◆ Available records ◆
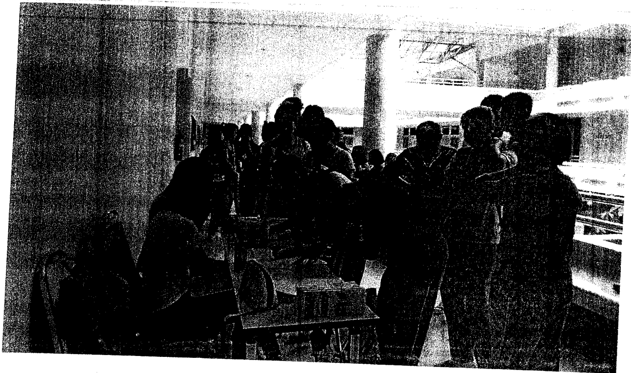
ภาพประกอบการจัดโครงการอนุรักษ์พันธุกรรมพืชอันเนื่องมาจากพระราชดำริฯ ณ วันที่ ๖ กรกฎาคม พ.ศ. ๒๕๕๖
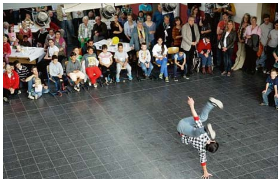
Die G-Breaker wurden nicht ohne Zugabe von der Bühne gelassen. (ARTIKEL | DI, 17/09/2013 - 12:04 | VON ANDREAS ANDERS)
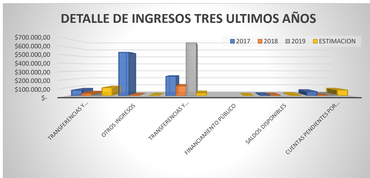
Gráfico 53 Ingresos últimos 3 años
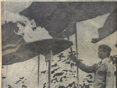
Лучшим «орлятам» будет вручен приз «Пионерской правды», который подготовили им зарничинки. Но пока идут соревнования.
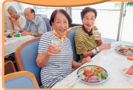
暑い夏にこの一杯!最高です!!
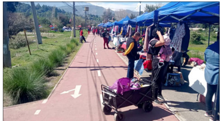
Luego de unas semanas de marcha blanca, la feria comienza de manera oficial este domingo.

◆ Instructions for the task ◆
When you reach the line containing "пока идут соревнования." in the records above, write out that line and every line after it through the end, exactly, but omit the pictures.

◆ Output ◆
Лучшим «орлятам» будет вручен приз «Пионерской правды», который подготовили им зарничинки. Но пока идут соревнования.
暑い夏にこの一杯!最高です!!
Luego de unas semanas de marcha blanca, la feria comienza de manera oficial este domingo.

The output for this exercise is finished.